As shown, the process 200 receives the acoustic signals of a call and the results of speech recognition (e.g., the lexical content). Speech recognition can produce a list of identified terms (e.g., words and/or phrases), when the term was spoken (e.g., start and end time offsets into the sound file), and the speech recognition system's confidence 206 in the system's identification of the term. The system may also list the speaker of each term.

A number of hardware and software techniques can be used to identify a speaker. For example, some call center stations provide one output for an agent's voice and another for a customer's voice. In such cases, identifying the speaker is a simple matter of identifying the output carrying the speech. In other configurations, such as those that only provide a single output with the combined voices of agent and customer, hardware and/or software can separate agent and customer voices. For example, a feed-forward loop can subtract the signal from the agent's headset microphone from the signal of the agent's and customer's voice combined, leaving only the signal of the customer's voice. In other embodiments, the speaker 208 of a term can be determined using software speaker identification techniques. From the acoustic signals and lexical content, the process 200 can identify different call features (step 202). For example, the process 200 can score each call for the presence of any of a list of profane word spoken by the agent and/or customer. A number of other features are described below.

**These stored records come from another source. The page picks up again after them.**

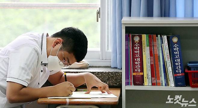 2021학년도 수능 6월 모의평가가 실시된 18일 오전 서울 여의도고등학교에서 고3 학생들이 시험을 치르고 있다. (이한형 기자)
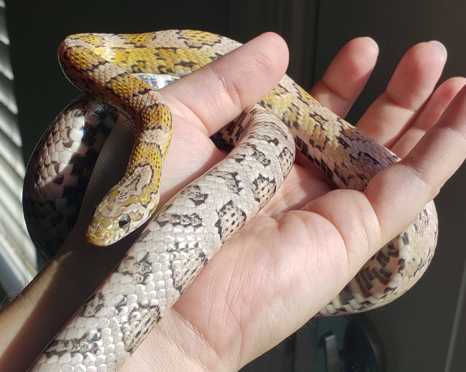 And a quick picture of Lark, ultramel tessera. She looks and feels and acts very gravid. She hasn’t been bred, so I’m hoping she reabsorbs. You can see the gravid shape of her body and the scale spread in this photo.
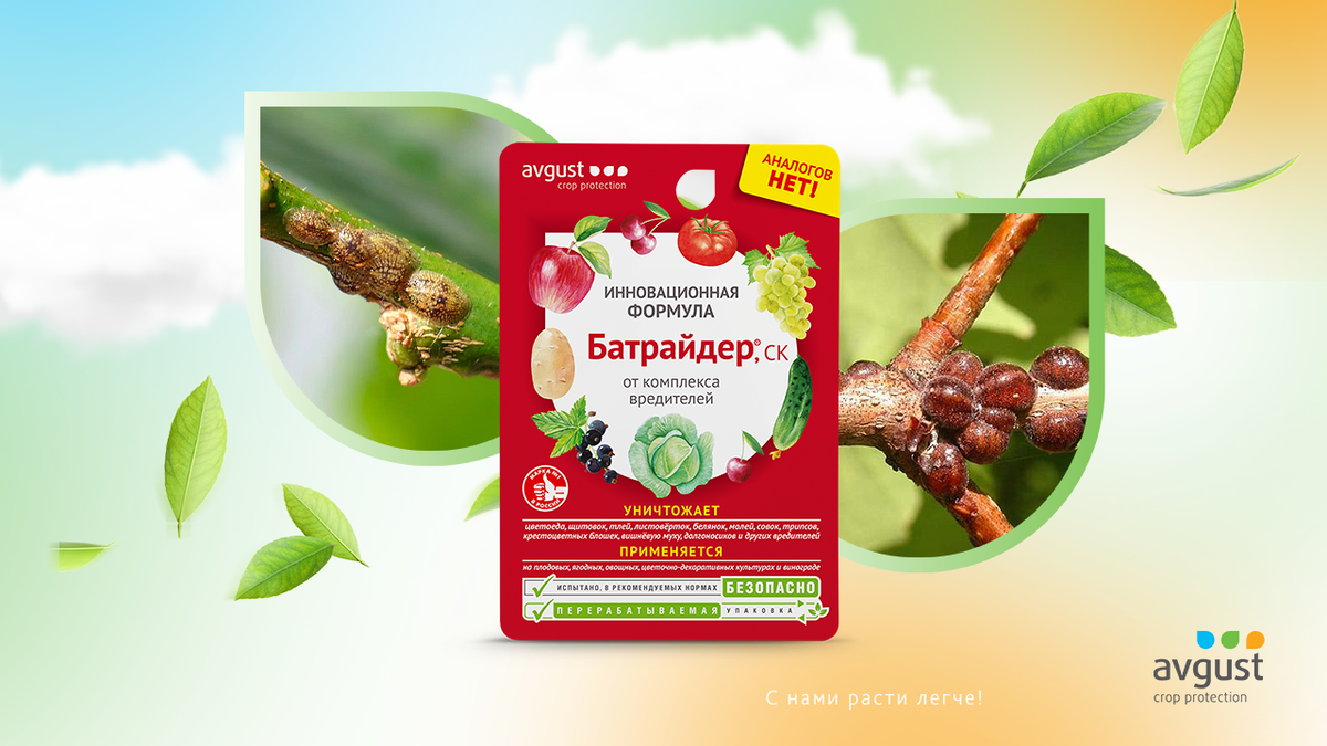 ✔ Благодаря уникальному сочетанию 3 действующих веществ «Батрайдер» эффективен против всех распространенных вредителей сада, огорода и цветника.
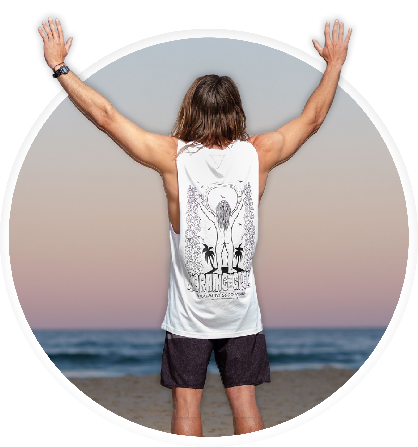 Retro inspired and good vibes abound. Spread the joy of a glorious morning.... Comes in Tanks and Long Sleeves also.
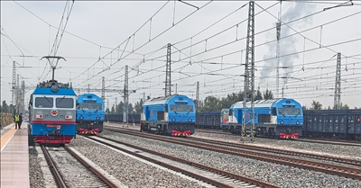 图为重载群组列车在位于内蒙古包头市的包神铁路集团万水泉南站南场试验开行。 |
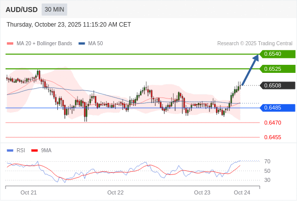 在 0.6485 之上,看涨,目标价位为 0.6525 ,然后为 0.6540 。
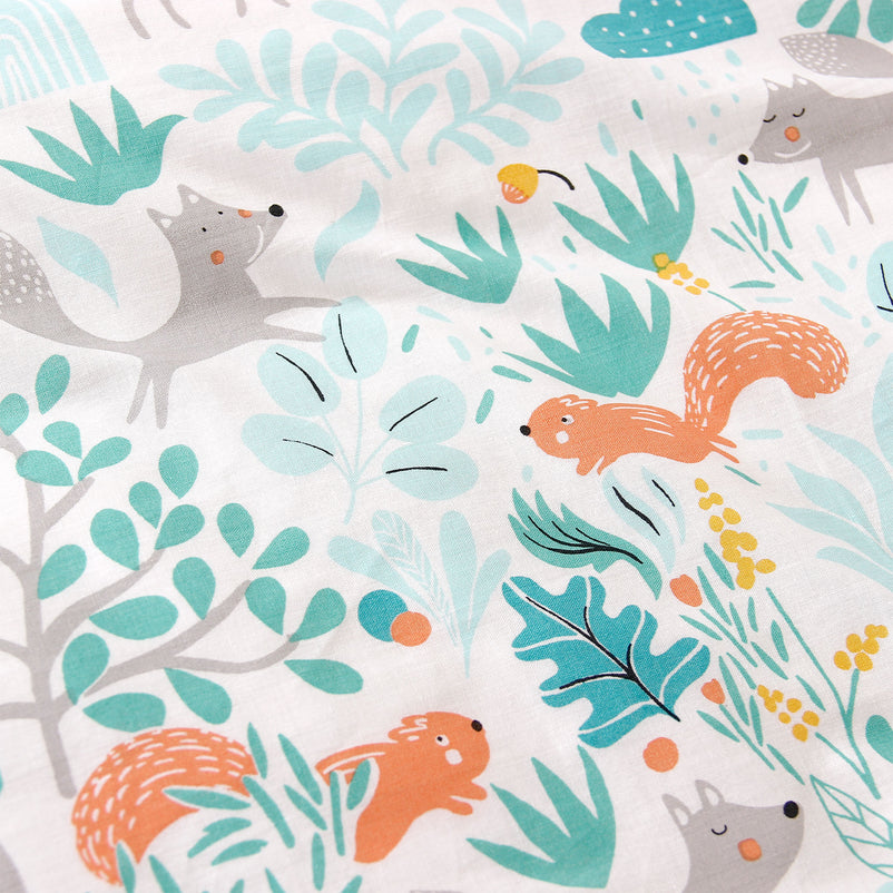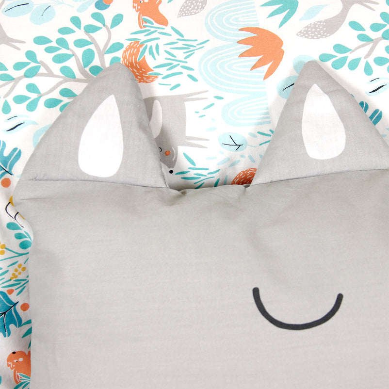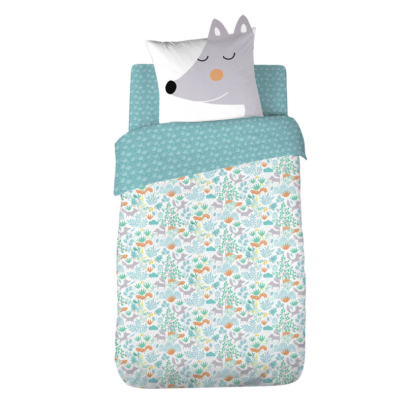Set așternut 2 piese copii. Creați o atmosferă primitoare și luminoasă pentru copilul vostru, amenajându-i dormitorul cu ajutorul așternuturilor pentru pat din gama Nous Promenons, realizate integral din bumbac bio. Piesele setului iterează călătoria prietenoasă a veveriței și a vulpii printre motivele inspirate de natură.

After determining features, the process 200 adds the call features to the corpus (entire collection) of calls previously processed (step 204). Thereafter, the process 200 can receive user queries specifying Boolean or SQL (Structure Query Language) combinations of features (step 206) and can respond to these queries with matches or near matches (step 208). For example, a call manager may look for heated conversations caused by a customer's being on hold too long with an SQL query of "select * from CallFeatures where ((CustomerProfanity > 3) and (HoldDuration > 1:00))." To speed query responses, the process may construct an inverted index (not shown) listing features and the different calls having those features.

Many times ad-hoc queries return either too few or too many calls. Thus, software may use more sophisticated techniques to rank query results. To this end, the software may maintain statistics on the entire collection of calls. For example, the software may maintain the document frequency (df) of terms (e.g., the number of calls including a particular term). A less evenly distributed word (e.g., a term appearing in fewer calls) may be more telling of call content. That is, the word "try" may appear in many calls, but the term "transducer" may appear in a handful of calls. Thus, calls having query terms with lower Rvalues may provide a more telling indication of the call's subject matter and may be ranked higher than other calls listed in response to a query. The software can also track the proximity of terms. That is, some collections of terms have flexible but significant relationships. For example, "knock" and "door" often appear close to one another, but not necessarily one right after the other. The software can track the mean (μ) number of terms separating "door" and "knock" along with a standard deviation (σ). Calls having these terms separated by the mean number of words plus or minus a standard deviation are likely to correspond to a query for those terms and may be ranked more highly in a list of calls provided in response to a query. Thus, a query for "knock door" may return a list of calls where calls having the phrase "knock on the door" may be ranked more highly than "a knock indicates that the hotel maid is at your door".

In addition to Boolean, SQL, and other ad-hoc queries, the process 200 may analyze call features using more sophisticated statistical approaches (step 210). This enables the software to generate reports (step 212) characterizing the distributions of calls and permits even more abstract queries (e.g., "find calls like this one").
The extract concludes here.